TASK TO CARRY OUT: Reproduce word for word the lines from the beginning of the entries to the line with "Onlinebestellungen auf www.vedia.ch.", both included, but none of the pictures.

Stored items:

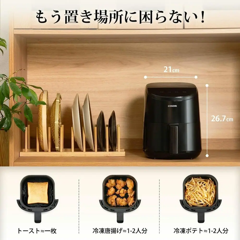 今回紹介する『COSORI LITE 2L ミニノンフライヤー』は、誰でも簡単にヘルシーな本格調理を楽しめる便利器具だ。
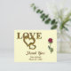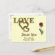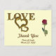 Love Hearts and Red Rose Thank You Postcard that includes a thank you note on the back of this card. A single red rose is shown on the side. Keep this quote or customize your own. Change the font and color of the text. Change the background image or color if you would like to..
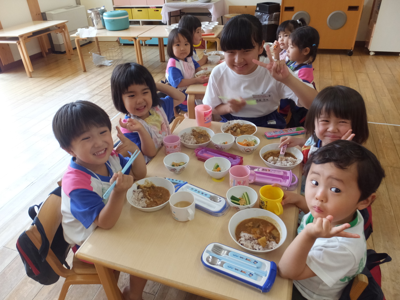 夏季保育でボランティアにきてくれたお姉さん♪ 「おねえさん、ここきて~!」 お話したり、一緒に遊んだり、楽しかったですね(*^_^*)
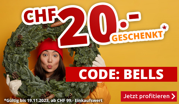 *Gültig nur bis zum 19.11.2023, CHF 20.- Einkaufsgutschein für alle Artikel im VEDIA Shop www.vedia.ch, Versandkostenanteil von CHF 6.95 entfällt. Der Mindestkaufwert (=Wert der behaltenen Ware und bezahlten Ware) beträgt CHF 99.-. Bei Retournierung oder Stornierung aller bestellten Artikel verfällt der Gutschein. Der Einkaufsgutschein gilt für alle Artikel im VEDIA Online-Shop, inkl. reduzierter Artikel. Versandkosten und Transportzuschläge sowie die Versicherungsgebühr sind vom Gutschein ausgeschlossen. Bitte Gutscheincode BELLS bei der Bestellung eingeben. Der Gutschein gilt nur für Onlinebestellungen auf www.vedia.ch.
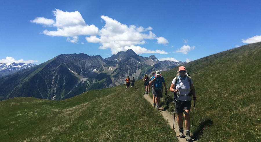 Leaving Courmayeur we return to the Ferret Valley and the tiny community of Arnuva to pick up the Tour du Mont Blanc trail. Enjoying views both back to France and on towards our next destination, Switzerland. Amazing views, stunning flowers, and often local cow herds guarding their cattle as they graze on the slopes amidst the brilliant pink of the Alpenrose bushes. We climb up to the Rifugio Elena for our final Italian coffee, and any refreshments needed before our big climb of the day to the Grand Col Ferret. The is one of the highest cols on the trip at 2537m (8321ft) and is on the border of Italy and Switzerland. Here we are rewarded with stunning views of the Val Ferret, the Grand Combin and Mont Dolent, the summit of which is the only one bordering France, Switzerland and Italy. If we’re doing well for time we might stop for second refreshments at the farm at La Peule where the farmers spend the summer making cheese. Here we leave the signposted 'TMB' and head to La Fouly via a gorgeous balcony path used by the farmers. La Fouly is an alpine village with traditional Swiss “chocolate box” chalets. We are reunited with our bags as we check into a hotel in the village centre.
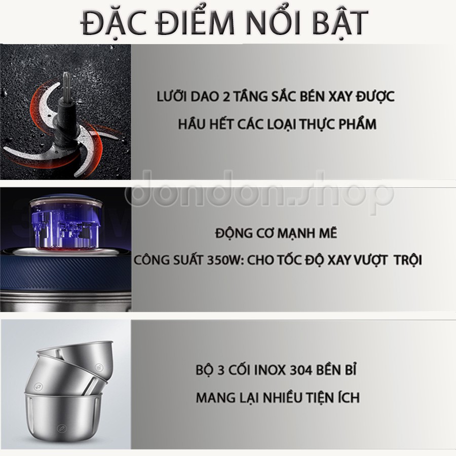 Thiết Bị Điện Gia Dụng > Đồ gia dụng nhà bếp > Máy trộn thực phẩm || Máy xay thịt đa năng - bóc vỏ tỏi MORPHY RICHARDS bộ 3 cối Inox 304 cao cấp 350W BẢO HÀNH 12 THÁNGCòn hàng
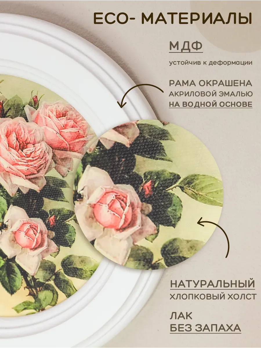 Настенный или настольный декор в нежных пастельный тонах с изящными птичками или цветочками в деревянной раме. Картины напечатаны на натуральном холсте, покрыты матовым лаком в круглой раме станет прекрасным украшением интерьера кухни, гостиной, детской. Картину можно повесить на стену, а так же использовать как настольный декор. Множество вариантов дает возможность создать собственную коллекцию. Коллекцию можно дополнить зеркалом, оформить свои творческие работы или фотографии в раму. Рама изготовлена из цельного листа МДФ 16 мм, не имеет зазоров и стыков. Окрашена экологичной акриловой эмалью в белый, коричневый, мятный цвет. Диаметр картины 17,5 см, диаметр изображения 12 см. Крепление для стены и для установки на стол в комплекте.
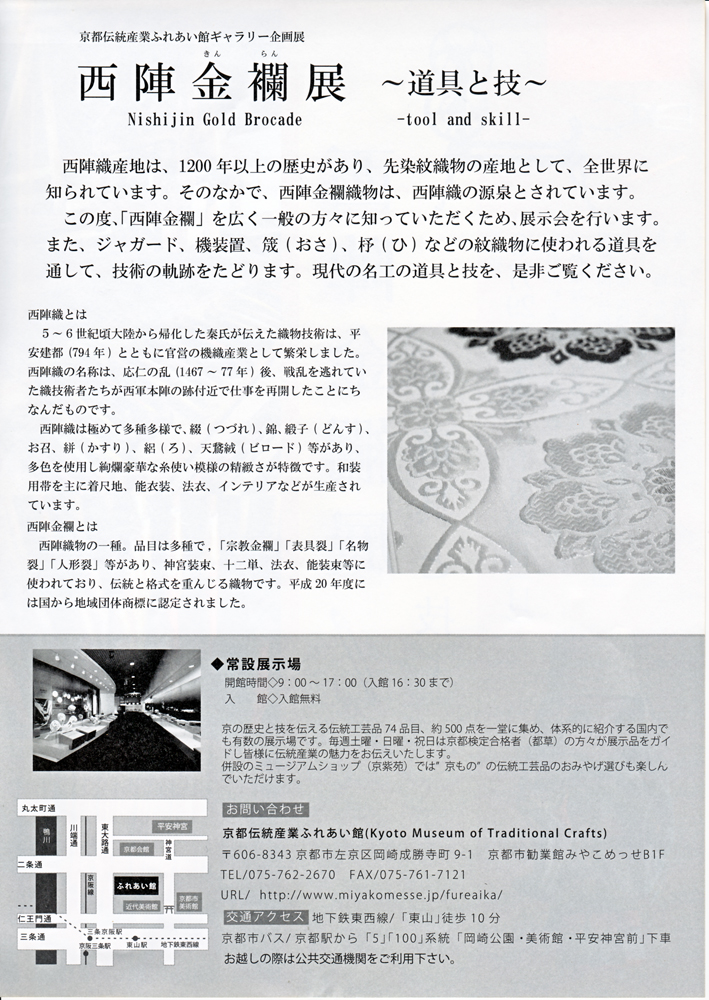 明日8月29日金曜日から京都岡崎のみやこメッセの「京都伝統産業ふれあい館ギャラリー」にて「西陣金襴展~道具と技~」が開催されます。
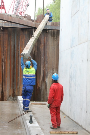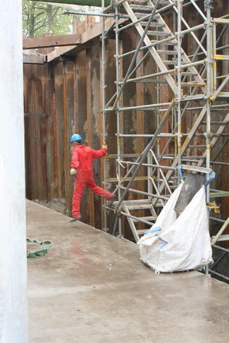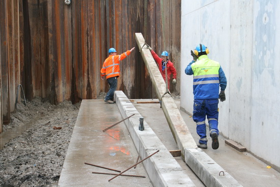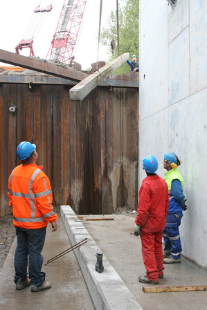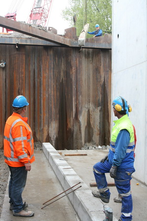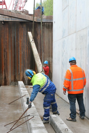 Zojuist een klein Mokkenburgrondje gemaakt. De betonpomp van Faber was in geen velden of wegen meer te bekennen, wel werd er in de tunnelbouwput verder gewerkt aan de wapening van moot 5 en de bijzonder arbeidsintensieve bekisting van moot 6. Het muurtje op de grens van moot 1 en moot 2 is gisteren vervroegd gestort met behulp van kraan en kubel. Hoeft op 2 mei dus niet meer. (De in het weekbericht van de Provincie vermelde betonstort van de wanden van moot 10 is onjuist. Die wanden hebben al beton…) Woensdag 30 april jongstleden, onderin de damwandkuip van de zuidelijke pijler, fotoreeks deel 3:
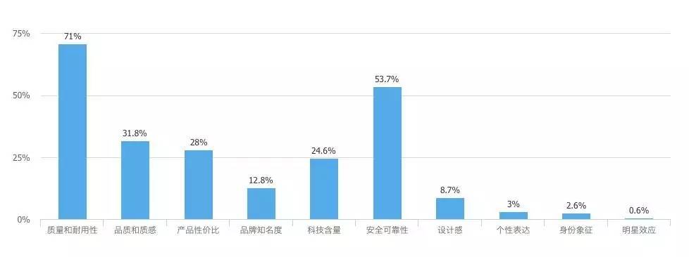有價值的是,大調查設置了專門問題——“消費者願意為商品的哪些因素買單”,結果顯示,受訪者最看重的是質量和耐用性(71%)、安全可靠性(53.7%)、品質和質感(31.8%),“明星效應”排位最低。把握這些來自消費者的數據,有利于為供給側結構性改革提供更精確的方向。
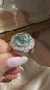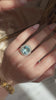 Exquisite Edwardian themes are displayed in the Yarmina ring. The very large aquamarine center stone glows from within and is encircled by bright and chunky little antique diamonds with a scalloped border. We love her old world grandeur and shimmering stones.
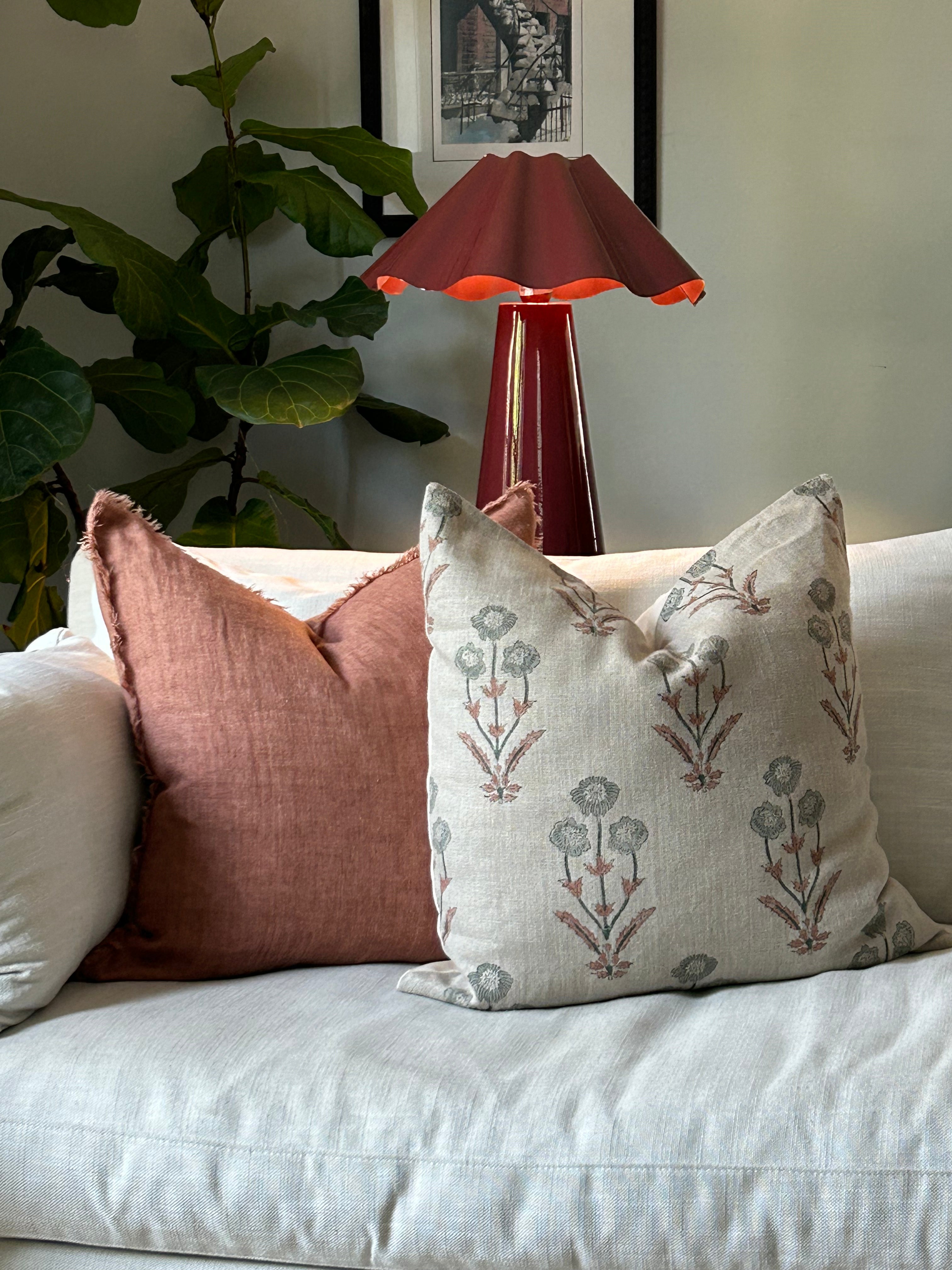 Our Lina Pillows are a soft stone washed Belgian linen. This easy to style 20" x 20" size, classic linen is updated with a frayed edge, making them beautiful standalone cushions or complements to layered textile arrangements.
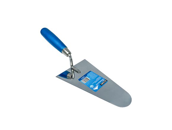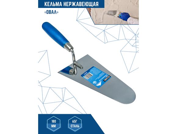 Полотно кельмы выполнено из высокопрочной инструментальной стали и имеет полукруглую форму.
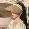 2025 Novo Chapéu de Palha Imitada de Aba Larga Chapéu Feminino de Férias Dobrável Protetor Solar Cobertura de Rosto Faixa de Cabelo Protetor Solar de Peça Única para Todo o Contorno
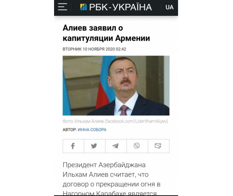 Ukrayna mətbuatı: Dağlıq Qarabağ münaqişəsi zonasında atəşin dayandırılması Ermənistanın kapitulyasiyasıdır
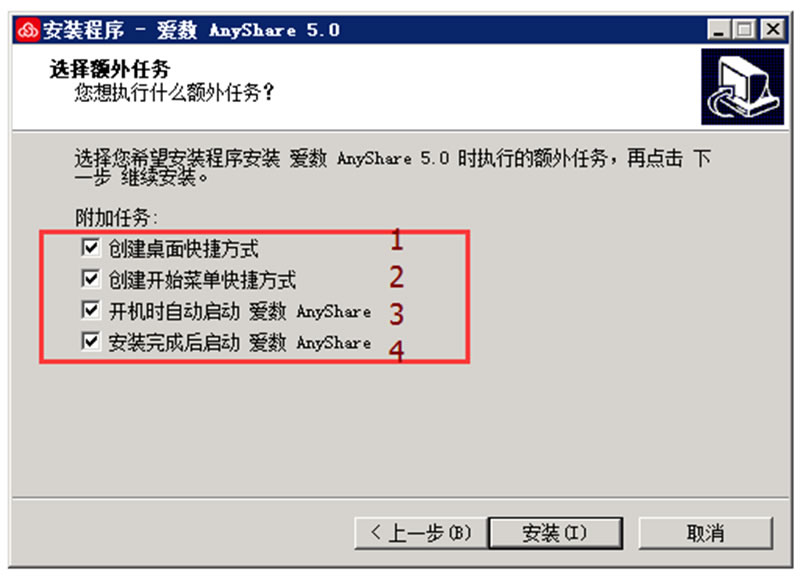 (4)在“选择额外任务”窗口中,把4个选项都给打上“√”,单击“安装”,等待程序安装完成(运行速度比较慢的计算机可能需要1-3分钟才能安装完毕)
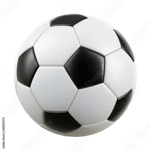 © Majnu, Obraz premium Classic black and white soccer ball with textured panels sport game, Isolated On White, Png Transparent, Cut Out

SOLUTION BELOW:
 今回紹介する『COSORI LITE 2L ミニノンフライヤー』は、誰でも簡単にヘルシーな本格調理を楽しめる便利器具だ。
 Love Hearts and Red Rose Thank You Postcard that includes a thank you note on the back of this card. A single red rose is shown on the side. Keep this quote or customize your own. Change the font and color of the text. Change the background image or color if you would like to..
 夏季保育でボランティアにきてくれたお姉さん♪ 「おねえさん、ここきて~!」 お話したり、一緒に遊んだり、楽しかったですね(*^_^*)
 *Gültig nur bis zum 19.11.2023, CHF 20.- Einkaufsgutschein für alle Artikel im VEDIA Shop www.vedia.ch, Versandkostenanteil von CHF 6.95 entfällt. Der Mindestkaufwert (=Wert der behaltenen Ware und bezahlten Ware) beträgt CHF 99.-. Bei Retournierung oder Stornierung aller bestellten Artikel verfällt der Gutschein. Der Einkaufsgutschein gilt für alle Artikel im VEDIA Online-Shop, inkl. reduzierter Artikel. Versandkosten und Transportzuschläge sowie die Versicherungsgebühr sind vom Gutschein ausgeschlossen. Bitte Gutscheincode BELLS bei der Bestellung eingeben. Der Gutschein gilt nur für Onlinebestellungen auf www.vedia.ch.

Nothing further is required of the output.